In this video you will learn how to avoid another very common subject-verb agreement error that people make all the time – using the verb of the wrong number in sentences with mid-sentence phrases.
Here’s an example: “The causes of the disaster remains unknown.”
Now, let me ask you – what is the Subject of this sentence? If you said “the causes,” you are correct.
And what is the Verb? Well, there is only one verb in this sentence – “remains.”
But what is the Subject’s number? “The causes” are plural. They are MANY, not ONE! And therefore, the Verb that refers to it must also be plural: “The causes of the disaster REMAIN unknown.” Not “REMAINS” unknown because “remains” is singular. See that?
The Subject and the Verb must agree in number.
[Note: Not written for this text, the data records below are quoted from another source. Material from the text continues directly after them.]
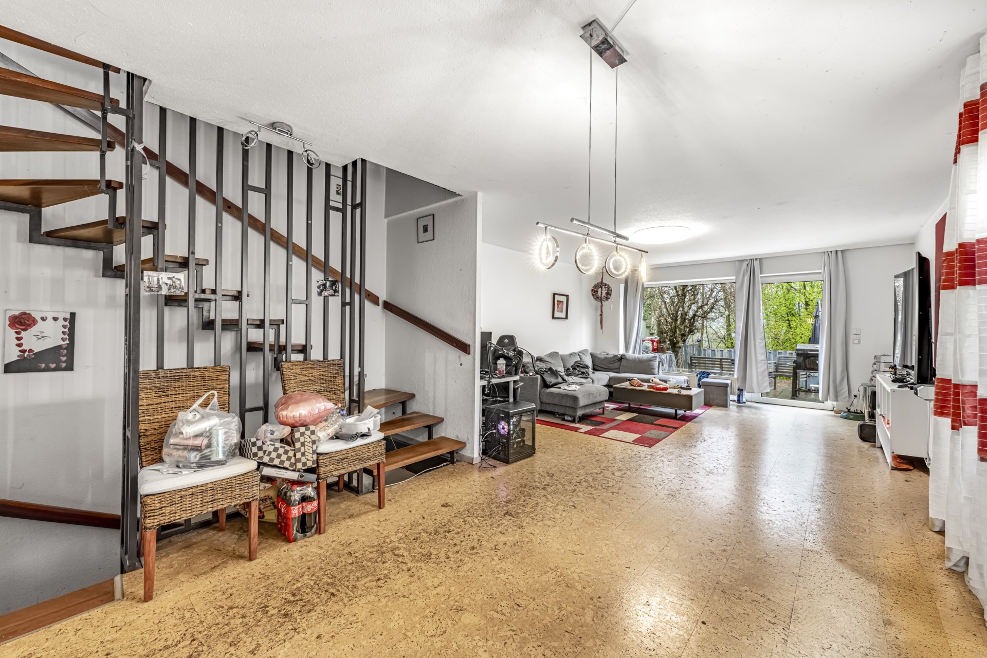 Im Erdgeschoss erreicht man nach dem Betreten des Hauses zunächst die Küche sowie ein kleines Gäste-WC mit Fenster. Das Herzstück ist der großzügige Wohn- und Essbereich mit direktem Zugang zur südöstlich ausgerichteten Terrasse. Diese bietet viel Platz um die Sonne und entspannte Grillabende zu genießen. Über eine offen gestaltete Treppe sind die übrigen Etagen zu erreichen.
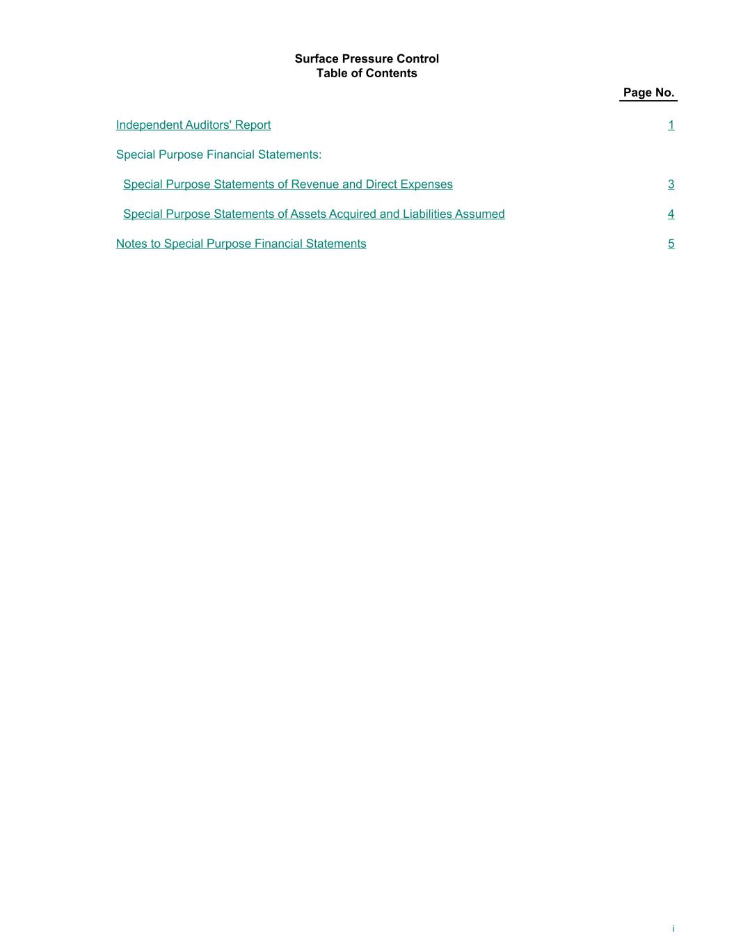 Surface Pressure Control Table of Contents Page No. Independent Auditors' Report 1 Special Purpose Financial Statements: Special Purpose Statements of Revenue and Direct Expenses 3 Special Purpose Statements of Assets Acquired and Liabilities Assumed 4 Notes to Special Purpose Financial Statements 5 i
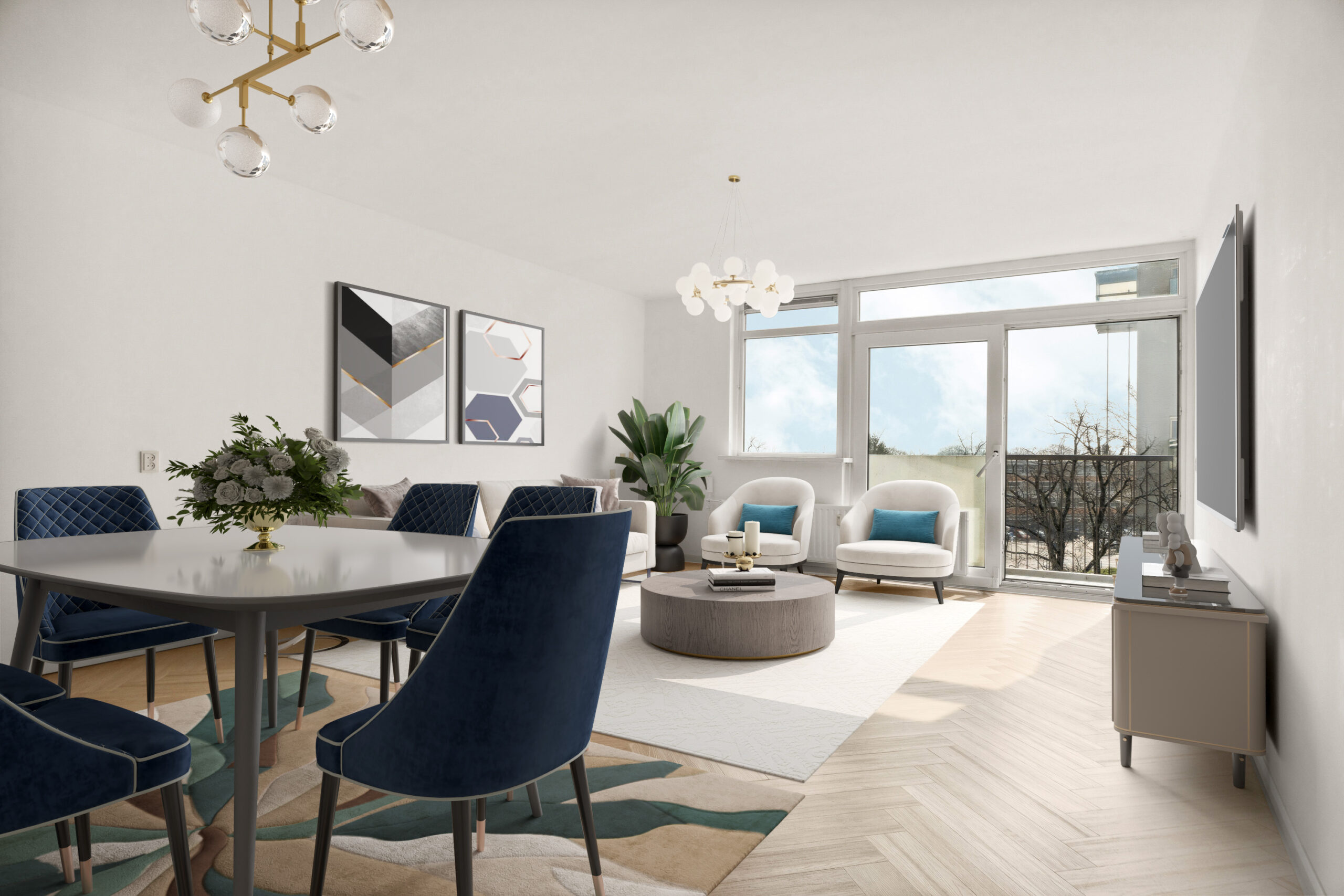 Through the plastic sliding doors you enter the sunny balcony. The balcony has a fantastic view and is located on the southeast.
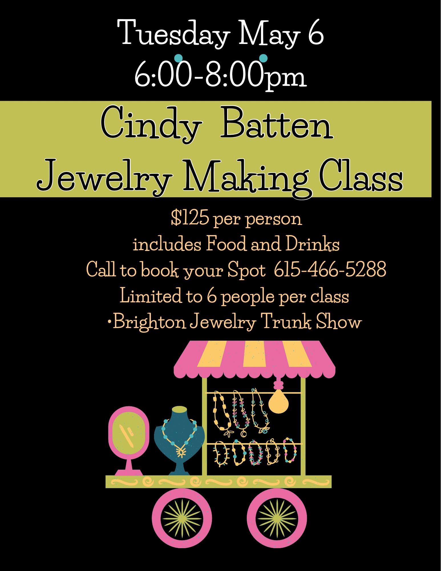 Urban Mills Boutique 126 Public Square, Lebanon, TN$125 per person includes Food and Drinks Call to book your Spot 615-466-5288 Limited to 6 people per class •Brighton Jewelry Trunk Show

Now, what was it that threw this student off? You see, when a sentence contains another phrase in the middle, the noun in the phrase is often confused with the subject.
In this sentence, “of the disaster” is a mid-sentence phrase. Please note that the sentence works without this phrase if you take it out: “The causes remain unknown.” And when you put the phrase in, make sure that your Verb still agrees with the Subject, not with the noun in the phrase.
In this example, the Verb “remain” must agree with the Subject “the causes,” not with the noun “disaster” in the mid-sentence phrase. This sentence is about “the causes,” not about “the disaster.”
Watch out for this common error, and you’ll stand out in your writing and speech, because so many people make this mistake.